What to work on:
When the listing below reaches the line that has "Signify your pledge", start reproducing exactly; stop after the line that has "十七日中午画展开幕,文山区公", and drop the pictures.

Given records:
>>>
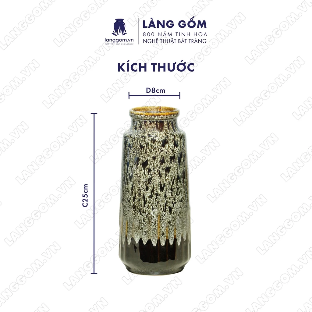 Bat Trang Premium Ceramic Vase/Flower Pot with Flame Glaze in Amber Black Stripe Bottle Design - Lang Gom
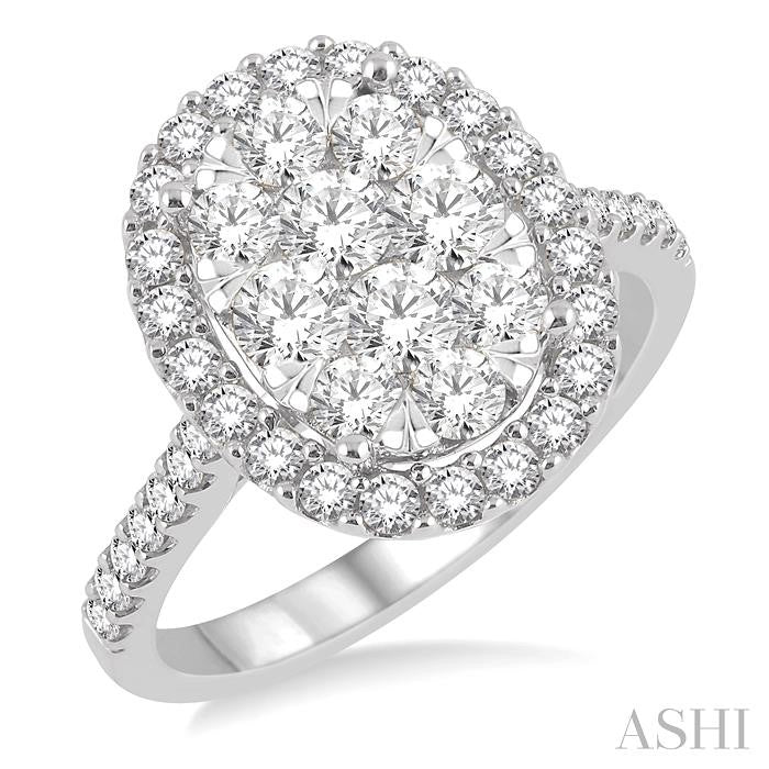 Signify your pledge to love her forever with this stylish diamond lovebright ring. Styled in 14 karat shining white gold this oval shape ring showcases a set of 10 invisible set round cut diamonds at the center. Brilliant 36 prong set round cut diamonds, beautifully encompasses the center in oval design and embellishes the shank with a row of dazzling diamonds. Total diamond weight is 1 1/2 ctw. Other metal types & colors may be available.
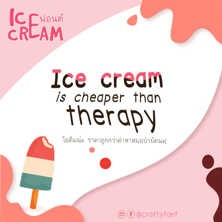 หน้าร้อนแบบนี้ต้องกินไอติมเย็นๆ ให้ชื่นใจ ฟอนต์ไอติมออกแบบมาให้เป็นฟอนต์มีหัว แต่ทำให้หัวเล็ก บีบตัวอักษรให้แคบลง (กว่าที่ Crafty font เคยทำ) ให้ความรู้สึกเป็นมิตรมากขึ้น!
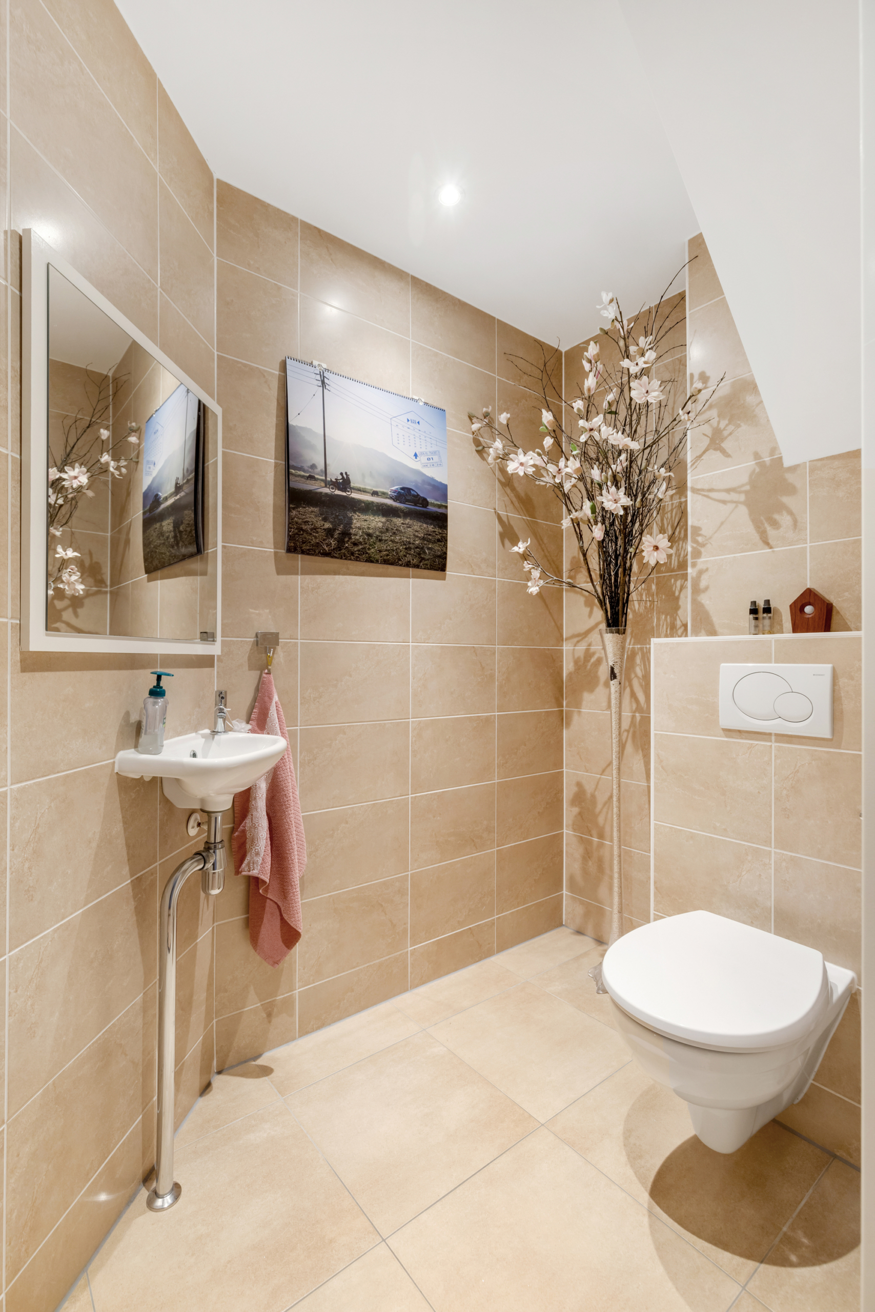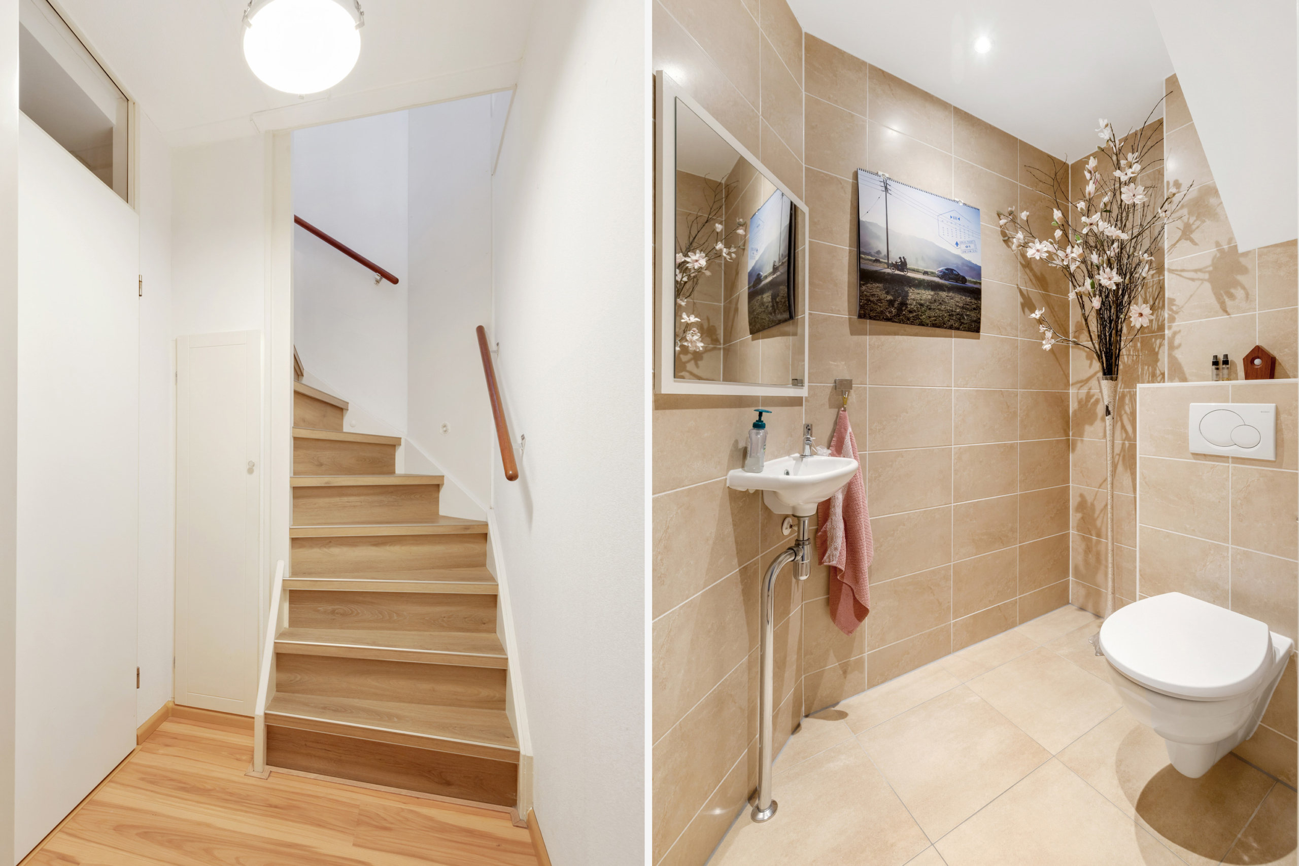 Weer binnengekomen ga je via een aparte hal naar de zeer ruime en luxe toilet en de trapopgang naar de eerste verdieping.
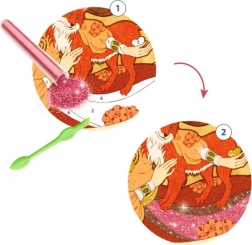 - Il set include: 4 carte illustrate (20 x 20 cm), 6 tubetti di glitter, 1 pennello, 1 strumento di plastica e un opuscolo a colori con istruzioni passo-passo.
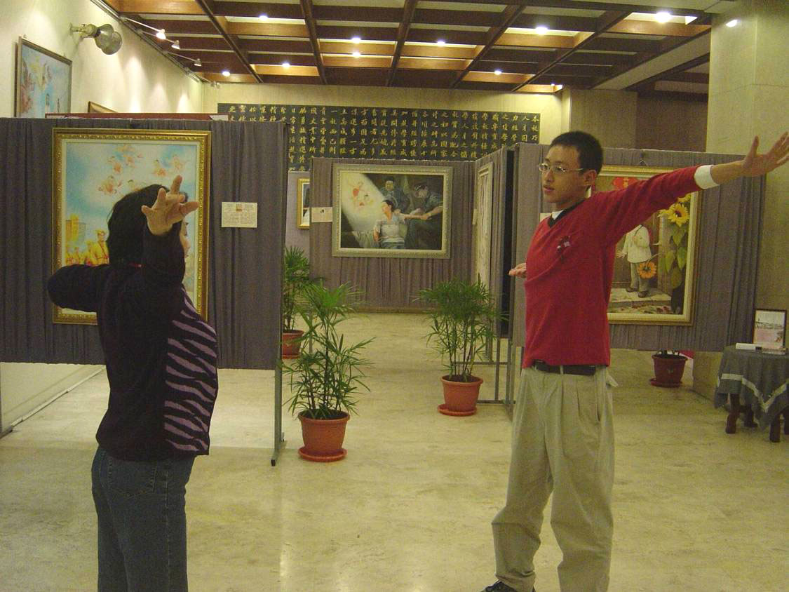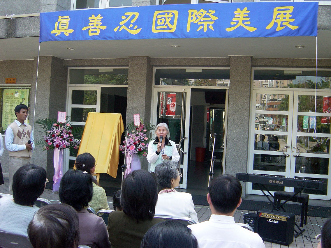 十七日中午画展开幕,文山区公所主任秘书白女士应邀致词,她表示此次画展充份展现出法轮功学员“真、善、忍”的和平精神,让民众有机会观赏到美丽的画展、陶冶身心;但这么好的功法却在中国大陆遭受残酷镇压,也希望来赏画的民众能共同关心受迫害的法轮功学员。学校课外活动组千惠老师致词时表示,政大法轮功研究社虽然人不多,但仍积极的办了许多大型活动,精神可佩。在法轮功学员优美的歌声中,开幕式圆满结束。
<<<
>>>
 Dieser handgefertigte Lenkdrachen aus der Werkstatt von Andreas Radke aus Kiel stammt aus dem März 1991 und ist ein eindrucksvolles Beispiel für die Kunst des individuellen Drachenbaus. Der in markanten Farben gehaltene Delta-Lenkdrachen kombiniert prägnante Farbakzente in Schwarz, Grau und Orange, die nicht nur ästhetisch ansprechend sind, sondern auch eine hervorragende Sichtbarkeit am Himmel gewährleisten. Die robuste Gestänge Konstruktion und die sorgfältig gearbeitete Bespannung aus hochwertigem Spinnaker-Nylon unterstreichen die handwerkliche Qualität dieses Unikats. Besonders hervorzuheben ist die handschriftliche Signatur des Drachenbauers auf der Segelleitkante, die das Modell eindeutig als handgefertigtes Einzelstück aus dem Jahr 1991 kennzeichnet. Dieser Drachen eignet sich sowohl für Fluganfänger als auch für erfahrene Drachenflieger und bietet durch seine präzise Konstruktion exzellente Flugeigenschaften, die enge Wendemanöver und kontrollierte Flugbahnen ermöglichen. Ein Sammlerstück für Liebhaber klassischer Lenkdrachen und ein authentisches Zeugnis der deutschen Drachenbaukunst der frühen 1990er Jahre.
<<<
>>>
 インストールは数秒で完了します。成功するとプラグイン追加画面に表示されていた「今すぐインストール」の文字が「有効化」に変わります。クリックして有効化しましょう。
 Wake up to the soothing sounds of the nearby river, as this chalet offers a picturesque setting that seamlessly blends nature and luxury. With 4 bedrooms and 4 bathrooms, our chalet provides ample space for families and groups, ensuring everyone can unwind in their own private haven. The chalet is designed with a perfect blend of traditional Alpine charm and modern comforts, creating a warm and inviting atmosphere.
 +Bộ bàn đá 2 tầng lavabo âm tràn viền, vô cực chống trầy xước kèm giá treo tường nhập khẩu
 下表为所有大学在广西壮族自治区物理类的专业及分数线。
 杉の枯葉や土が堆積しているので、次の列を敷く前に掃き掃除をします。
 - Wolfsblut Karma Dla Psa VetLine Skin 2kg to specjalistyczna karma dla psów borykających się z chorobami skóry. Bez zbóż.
<<<
Output:
 Signify your pledge to love her forever with this stylish diamond lovebright ring. Styled in 14 karat shining white gold this oval shape ring showcases a set of 10 invisible set round cut diamonds at the center. Brilliant 36 prong set round cut diamonds, beautifully encompasses the center in oval design and embellishes the shank with a row of dazzling diamonds. Total diamond weight is 1 1/2 ctw. Other metal types & colors may be available.
 หน้าร้อนแบบนี้ต้องกินไอติมเย็นๆ ให้ชื่นใจ ฟอนต์ไอติมออกแบบมาให้เป็นฟอนต์มีหัว แต่ทำให้หัวเล็ก บีบตัวอักษรให้แคบลง (กว่าที่ Crafty font เคยทำ) ให้ความรู้สึกเป็นมิตรมากขึ้น!
 Weer binnengekomen ga je via een aparte hal naar de zeer ruime en luxe toilet en de trapopgang naar de eerste verdieping.
 - Il set include: 4 carte illustrate (20 x 20 cm), 6 tubetti di glitter, 1 pennello, 1 strumento di plastica e un opuscolo a colori con istruzioni passo-passo.
 十七日中午画展开幕,文山区公所主任秘书白女士应邀致词,她表示此次画展充份展现出法轮功学员“真、善、忍”的和平精神,让民众有机会观赏到美丽的画展、陶冶身心;但这么好的功法却在中国大陆遭受残酷镇压,也希望来赏画的民众能共同关心受迫害的法轮功学员。学校课外活动组千惠老师致词时表示,政大法轮功研究社虽然人不多,但仍积极的办了许多大型活动,精神可佩。在法轮功学员优美的歌声中,开幕式圆满结束。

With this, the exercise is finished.